Amneal Pharmaceuticals, Inc. and mAbxience, a Fresenius Kabi majority-owned group partly owned by Insud Pharma, announced that the U.S. Food and Drug Administration (FDA) has approved their Biologics License Applications (BLAs) for two denosumab biosimilars. The approved products are Boncresa™ (denosumab-mobz), a biosimilar to Prolia®, and Oziltus™ (denosumab-mobz), a biosimilar to XGEVA®.

Denosumab is a monoclonal antibody used to prevent bone loss by inhibiting bone resorption. It plays an important role in treating conditions related to oncology and osteoporosis. Under the companies’ partnership structure, mAbxience oversees product development and manufacturing, while Amneal retains exclusive rights to commercialize both biosimilars in the United States.

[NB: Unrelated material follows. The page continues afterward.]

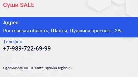 Суши SALE по адресу Ростовская область, Шахты, Пушкина проспект, 29а в дальнейшем Организация, размещена в следующих категориях:

Chirag and Chintu Patel, Co-Chief Executive Officers of Amneal, said that biosimilars represent the next major step in making advanced biologic therapies more affordable for U.S. patients. They noted that with these two new denosumab biosimilars, Amneal now has five commercial biosimilars in its portfolio. According to them, biosimilars form a key part of Amneal’s long-term growth strategy within its Affordable Medicines segment.

Jurgen Van Broeck, CEO of mAbxience, described the FDA approvals as an important milestone for both companies. He explained that the decision reflects the strength of mAbxience’s scientific capabilities and its dedication to high-quality manufacturing standards. He added that the achievement supports the company’s global expansion strategy and advances its goal of increasing access to reliable and affordable biologic medicines in the U.S. Both Boncresa and Oziltus must be administered by a qualified healthcare professional. Patients should be advised to maintain appropriate serum calcium levels and seek medical help if they experience symptoms of an allergic reaction.

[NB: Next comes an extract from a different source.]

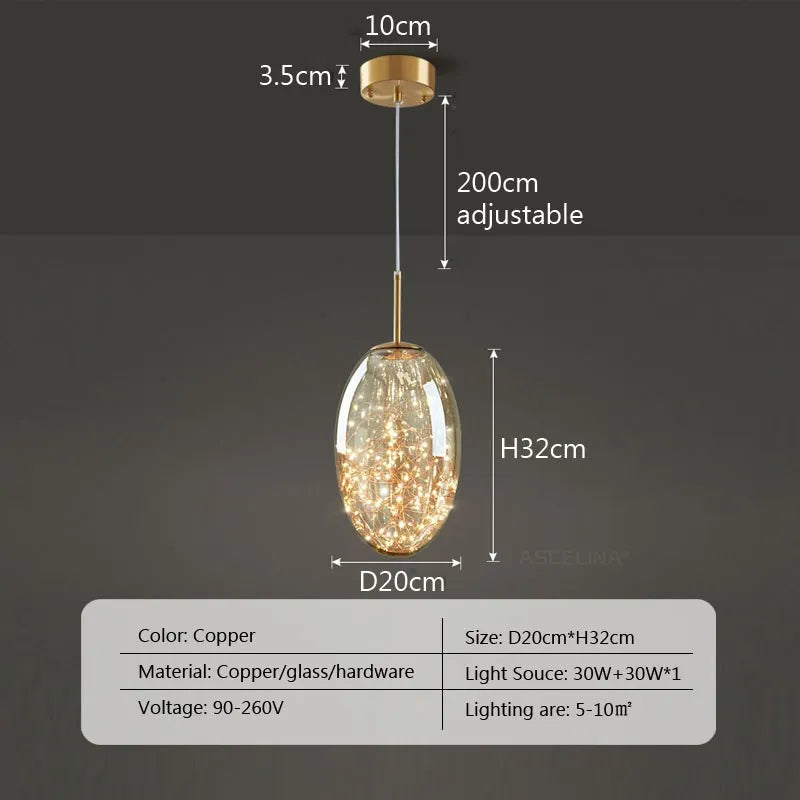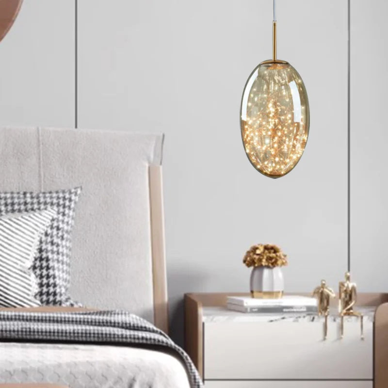 Marisol Retro LED Pendelleuchte Gold Bernstein Glas Schlafzimmer -

Prolia carries a Boxed Warning for severe hypocalcemia in patients with advanced chronic kidney disease, which can be life-threatening. Pregnancy must be ruled out before treatment begins. Common adverse events in postmenopausal women have included back pain, musculoskeletal pain, hypercholesterolemia, and cystitis. In men, frequently reported side effects have included back pain, joint pain, and nasopharyngitis.

The most serious adverse reaction reported with XGEVA is dyspnea. Other commonly reported reactions include fatigue, nausea, and hypophosphatemia. For patients receiving treatment for bone metastases, fatigue and nausea were among the most frequent side effects. Individuals with multiple myeloma often experienced anemia and gastrointestinal symptoms. In patients treated for giant cell tumor of bone or hypercalcemia of malignancy, pain, nausea, and headache were commonly observed. Some patients discontinued treatment due to osteonecrosis or hypocalcemia. The drug may cause fetal harm, and women of reproductive potential should use effective contraception.

According to IQVIA, combined U.S. annual sales for Prolia and XGEVA for the 12 months ending October 2025 totaled approximately $5.3 billion. Prolia® and XGEVA® are registered trademarks of Amgen Inc.